» **WHAT IS REQUIRED**: For the data that follows, print the line with "表面にさりげなくテクスチャー", the line with "In essence, the", and all lines between them, exactly as they stand. Omit pictures and add nothing.

» **SUPPLIED DATA**:

'''

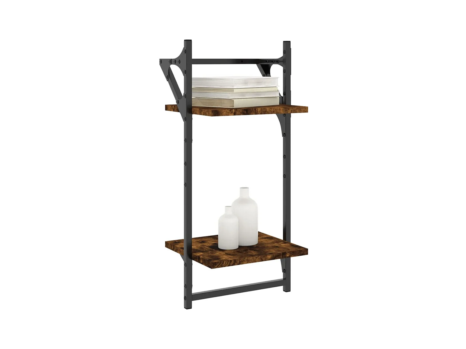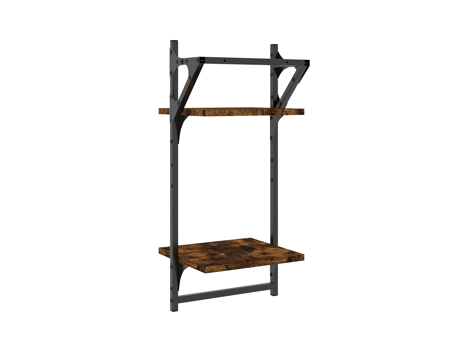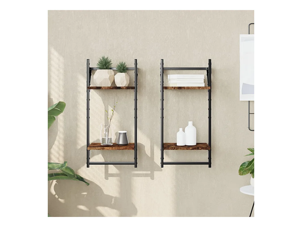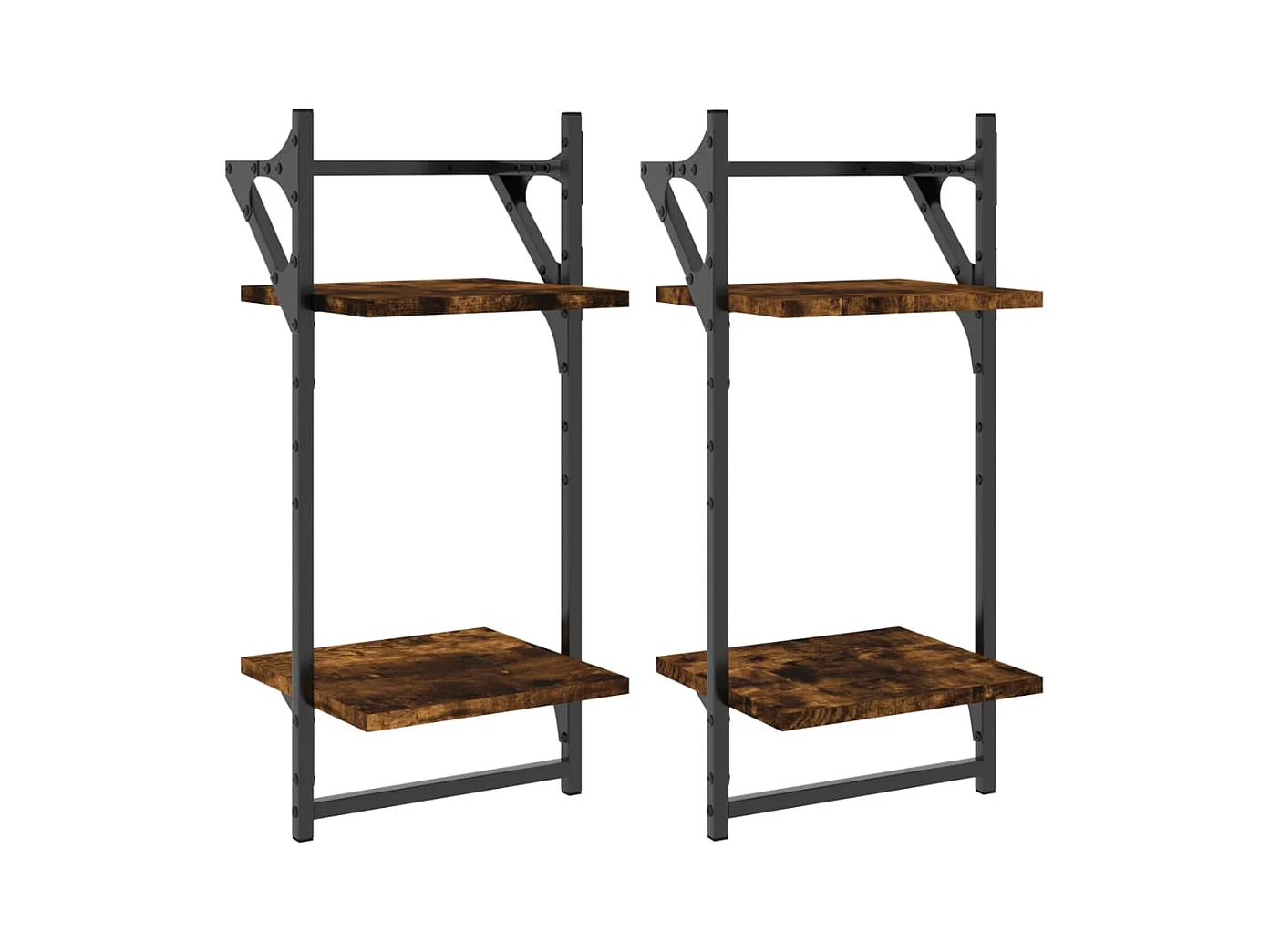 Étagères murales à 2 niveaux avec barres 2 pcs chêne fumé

'''
'''

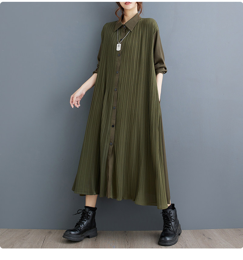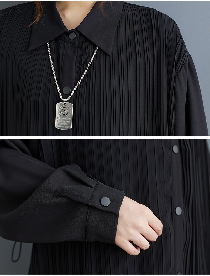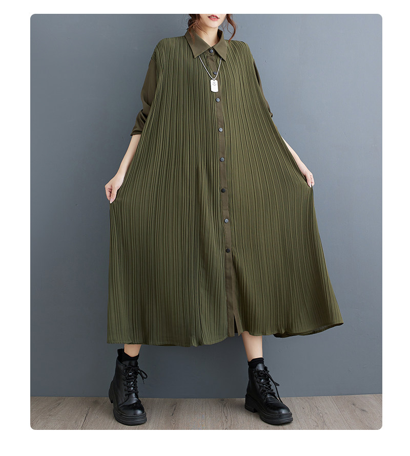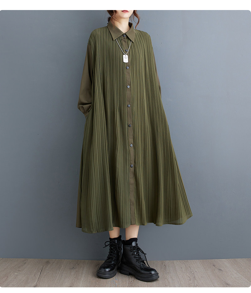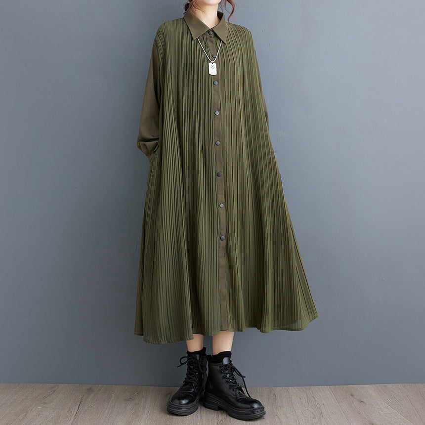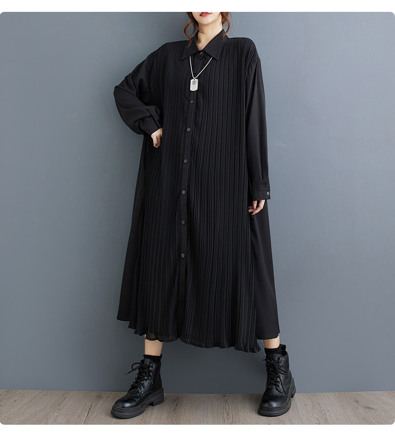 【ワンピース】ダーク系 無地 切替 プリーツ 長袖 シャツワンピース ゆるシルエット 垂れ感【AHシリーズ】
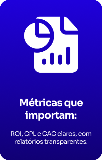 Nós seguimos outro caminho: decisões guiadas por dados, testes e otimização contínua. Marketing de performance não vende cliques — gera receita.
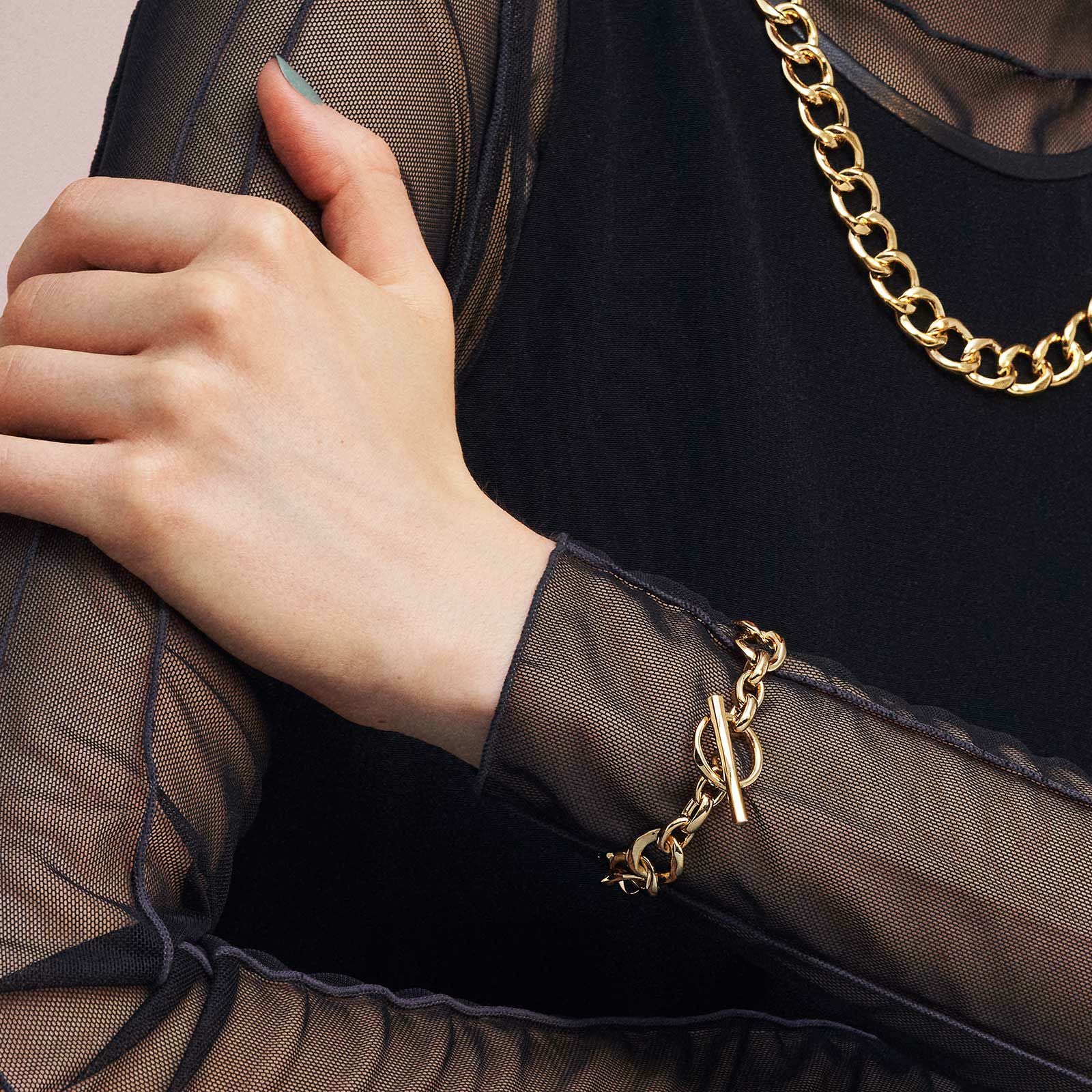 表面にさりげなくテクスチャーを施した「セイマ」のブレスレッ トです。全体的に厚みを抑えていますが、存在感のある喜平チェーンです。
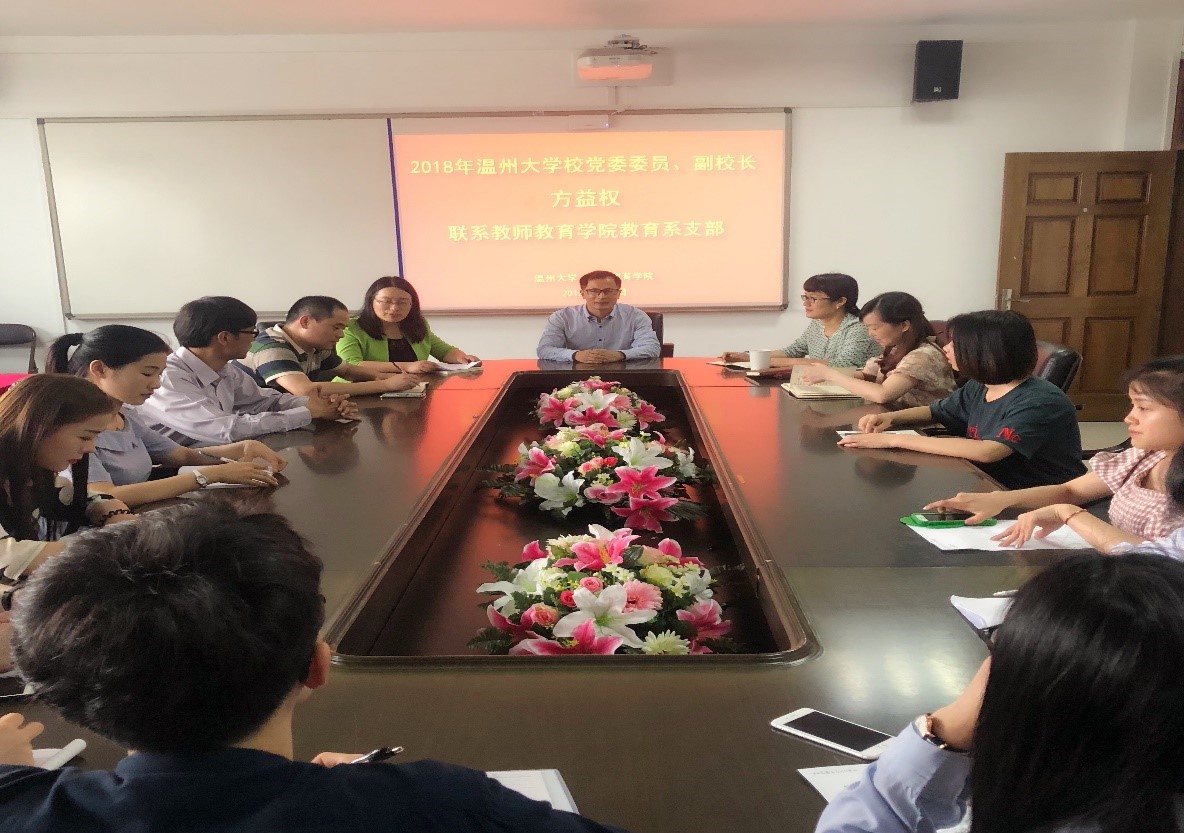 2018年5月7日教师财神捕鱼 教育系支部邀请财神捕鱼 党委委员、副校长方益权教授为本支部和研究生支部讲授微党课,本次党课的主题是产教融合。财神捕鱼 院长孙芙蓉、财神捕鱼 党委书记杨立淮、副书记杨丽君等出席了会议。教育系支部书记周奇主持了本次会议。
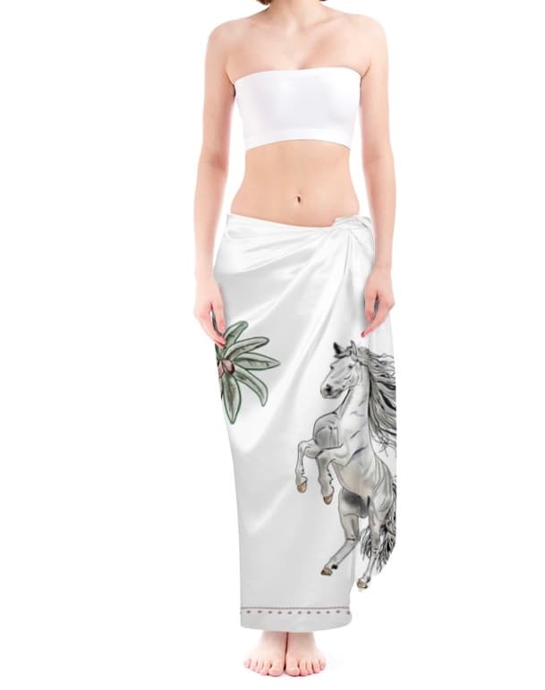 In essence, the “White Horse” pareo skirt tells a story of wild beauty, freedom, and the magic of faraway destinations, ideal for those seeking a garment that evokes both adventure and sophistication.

'''

» **TASK RESULT**:
 表面にさりげなくテクスチャーを施した「セイマ」のブレスレッ トです。全体的に厚みを抑えていますが、存在感のある喜平チェーンです。
 2018年5月7日教师财神捕鱼 教育系支部邀请财神捕鱼 党委委员、副校长方益权教授为本支部和研究生支部讲授微党课,本次党课的主题是产教融合。财神捕鱼 院长孙芙蓉、财神捕鱼 党委书记杨立淮、副书记杨丽君等出席了会议。教育系支部书记周奇主持了本次会议。
 In essence, the “White Horse” pareo skirt tells a story of wild beauty, freedom, and the magic of faraway destinations, ideal for those seeking a garment that evokes both adventure and sophistication.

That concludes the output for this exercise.